Download Maternal Care and Mental Health here:
Bowlby drew together such limited empirical evidence as existed at the time from across Europe and the USA. His main conclusions, that “the infant and young child should experience a warm, intimate, and continuous relationship with his mother (or permanent mother substitute) in which both find satisfaction and enjoyment” and that not to do so may have significant and irreversible mental health consequences, were both controversial and influential. The 1951 WHO publication was highly influential in causing widespread changes in the practices and prevalence of institutional care for infants and children, and in changing practices relating to the visiting of infants and small children in hospitals by parents. The theoretical basis was controversial in many ways. He broke with psychoanalytic theories which saw infants' internal life as being determined by fantasy rather than real life events.
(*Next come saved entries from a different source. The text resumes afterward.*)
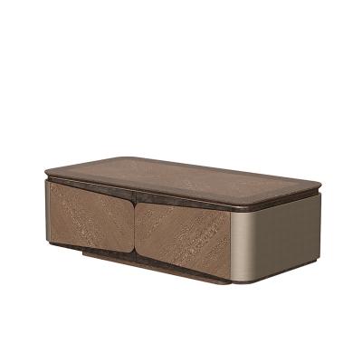 基材采用國企上思華林先進生產線E0級別高 密度纖維板,表面貼高檔尼斯影木木皮,內裝 飾板為高光貓眼木皮,外側板外捫金絲皮。 頂板底部配有SUS304不銹鋼實芯裝飾條,表面 鍍成高貴的玫瑰金顏色,更顯高貴典雅。茶幾 結構帶兩個抽屜。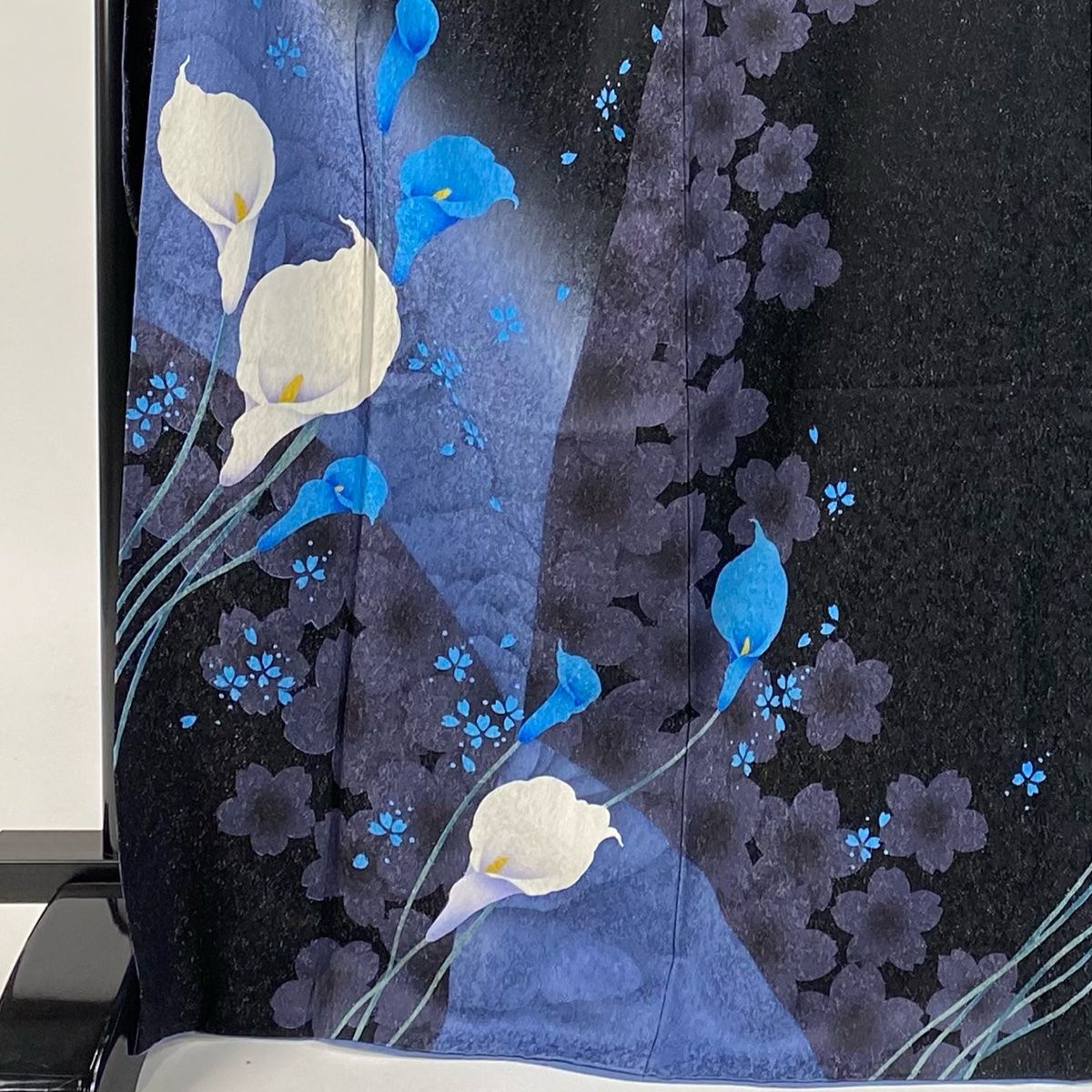 振袖 身丈169.5 cm 裄丈69.5 L 袷 桜 銀通し ぼかし 黒 正絹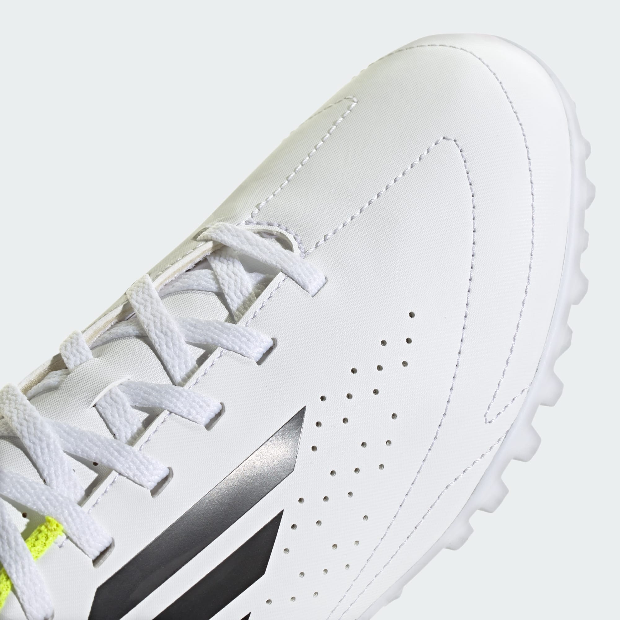 Take the beautiful game seriously in these adidas football boots. Designed for play on artificial turf courts, they have a perforated tongue and soft lining to keep your feet fresh through long matches. Stitching on the synthetic forefoot improves ball control, allowing for pinpoint passes and powerful strikes. An anatomically shaped heel keeps you strapped in for fast-moving play.
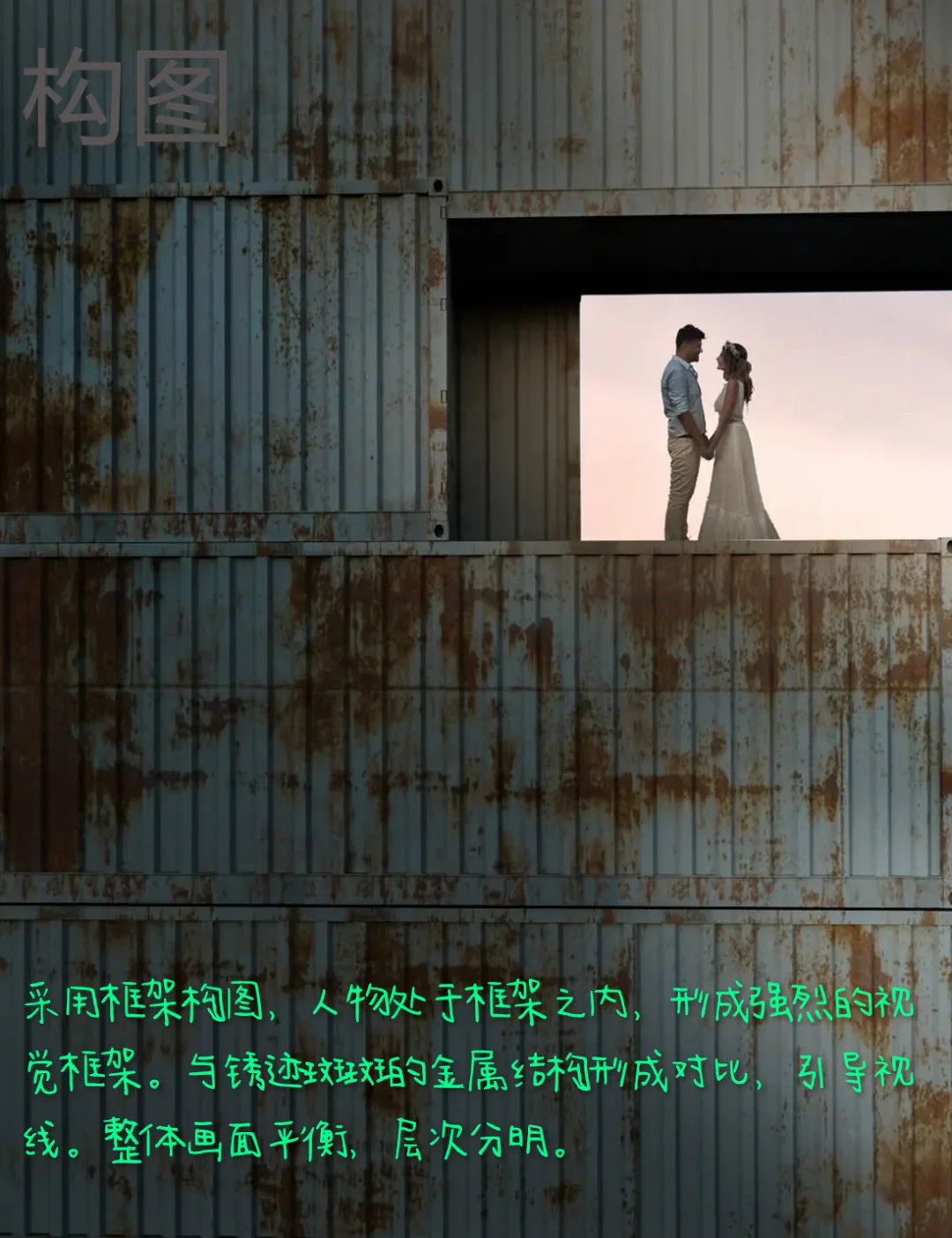 1.构图:采用框架构图,人物处于框架之内,形成强烈的视觉框架。与锈迹斑斑的金属结构形成对比,引导视线。整体画面平衡,层次分明。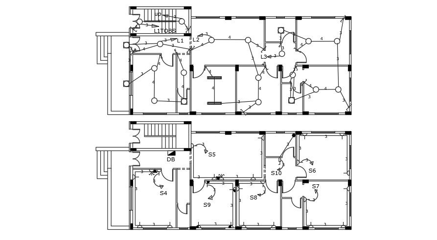 The electrical layout of the 20x9m house plan drawing is given in this AutoCAD model. This is a single story house building. The water lines are provided for the kitchen, attached bathroom, and common bathrooms. For more details download the AutoCAD drawing file.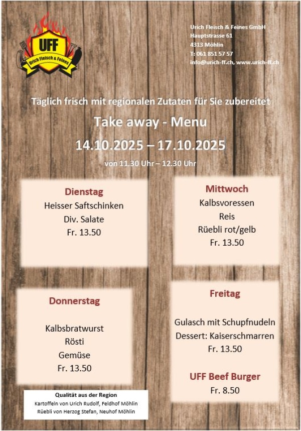Das herkömmliche Fleisch stammt von Tieren aus der Region Möhlin, Zeiningen und von persönlich bekannten Bauern.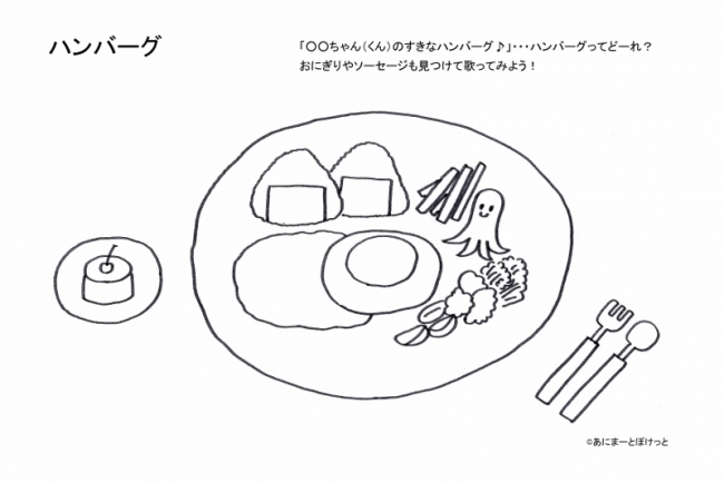 あそぼ!2の「ハンバーグ」の楽曲で遊べるワークシート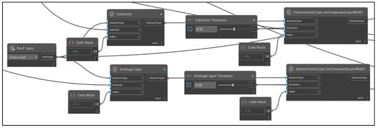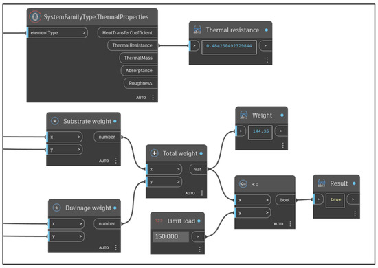 Finally, Figure 6 illustrates the workflow employed to evaluate the thermal and structural characteristics of green roofs. In terms of thermal performance, the thermal resistance was a key factor considered. This property was automatically measured by Revit and imported into Dynamo, considering the thermal conductivities of the various substrate and drainage materials, which are influenced by the water content conditions (dry or saturated), as well as the material thicknesses.

Some critics profoundly disagreed with the necessity for maternal (or equivalent) love to function normally, or that the formation of an ongoing relationship with a child was an important part of parenting. Others questioned the extent to which his hypothesis was supported by the evidence. There was criticism of the confusion of the effects of privation (no primary attachment figure) and deprivation (loss of the primary attachment figure) and in particular, a failure to distinguish between the effects of the lack of a primary attachment figure and the other forms of deprivation and understimulation that may affect children in institutions.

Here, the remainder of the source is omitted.